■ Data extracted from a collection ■
*-*-*
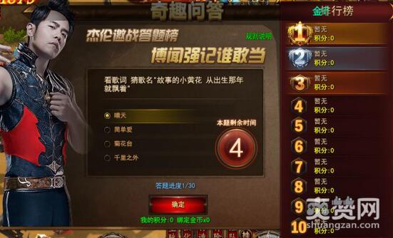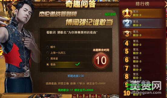 这首歌相对陌生一些,好像是杰伦在雪碧广告里面放过。当然这下也完全不必多说,肯定是《我要夏天》。一连回答了10多道关于杰伦的问题,几乎全是满分,不错哟!一开始小编以为所有30道题都和周董相关的,后来才发现也有一些关于傲天魔法王座游戏的内容,好久没上来玩了稍微有点生疏。
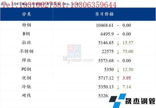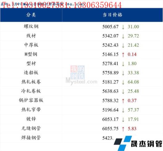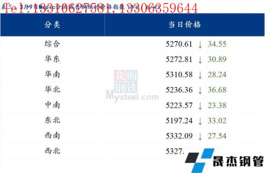 3月9日普钢绝对价格指数变化:综合指数5270.61,下跌34.55;螺纹钢指数5005.67,下跌31.0;线材指数5342.07,下跌29.72;热轧板卷指数5181.27,下跌64.08;冷轧板卷指数5638.63,下跌25.48;中厚板指数5242.43,下跌21.42。
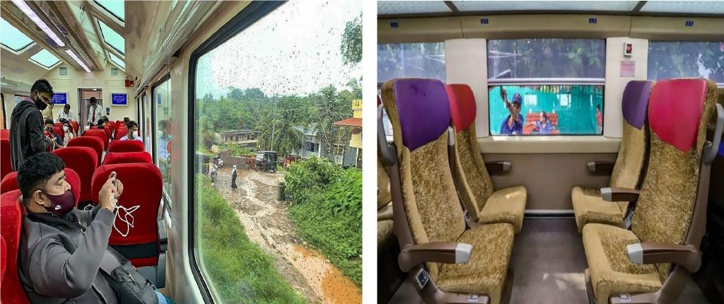 या टेनला आठ बोगी असून यात 360 अंशात फिरणाऱ्या विस्टा डोम सीटचा देखील समावेश आहे. टेनमध्ये स्वयंचलित दरवाजे आहेत. अतिशय स्वच्छ आणि आधुनिक स्वच्छतागृह असून, त्याचा दरवाजा देखील हाताच्या सेन्सरने उघडतो. टेनमध्ये एलईडी लाईट्सची सुविधा असून, त्यामुळे आतील वातावरण प्रसन्न राहत आहे. पीठमपूर-मध्यप्रदेशातील पिनॅकल इंडस्ट्रीजने वंदे भारत ट्रेनसाठी आसने तयार केली आहेत. पिनॅकल इंडस्ट्रीज ही भारतातील एकमेव इंटिग्रेटेड कमर्शियल व्हेईकल सीटिंग आणि इंटेरियर तयार करणारी कंपनी आहे.
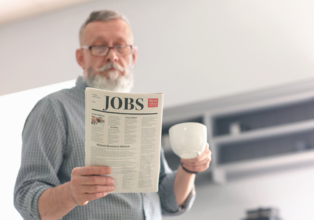 Business partner executive smart man drinking coffee and reading newspaper in restaurant. Senior caucasian man waiting your partner for meeting and taking about work. Business Concept
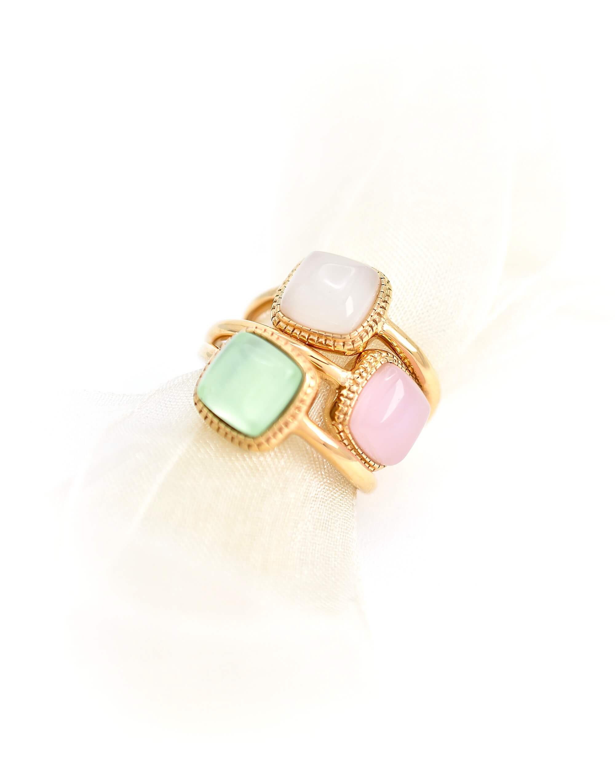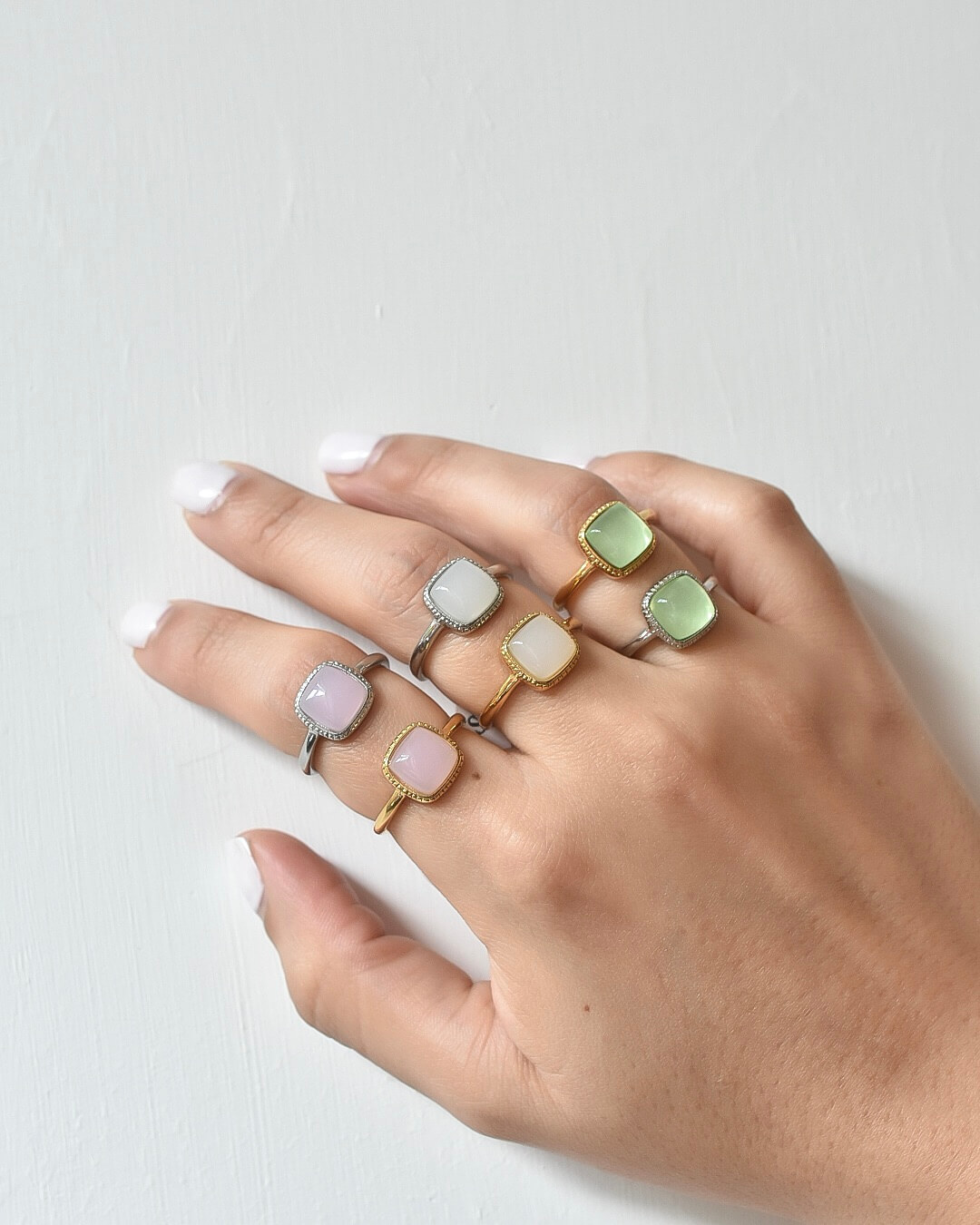El Ópalo se asocia con equilibrio, creatividad y buena energía, pero que realmente importa es que estos anillos son waterproof en acero inoxidable con baño de oro y simplemente hermosos. es una joya que lo tiene todo, Buena energía, belleza y calidad.
*-*-*
■ TASK BRIEF ■
Precisely the lines from the one containing "Business partner executive" to the end of the data above, both included, should be printed; leave the pictures out.

■ REPLY ■
 Business partner executive smart man drinking coffee and reading newspaper in restaurant. Senior caucasian man waiting your partner for meeting and taking about work. Business Concept
El Ópalo se asocia con equilibrio, creatividad y buena energía, pero que realmente importa es que estos anillos son waterproof en acero inoxidable con baño de oro y simplemente hermosos. es una joya que lo tiene todo, Buena energía, belleza y calidad.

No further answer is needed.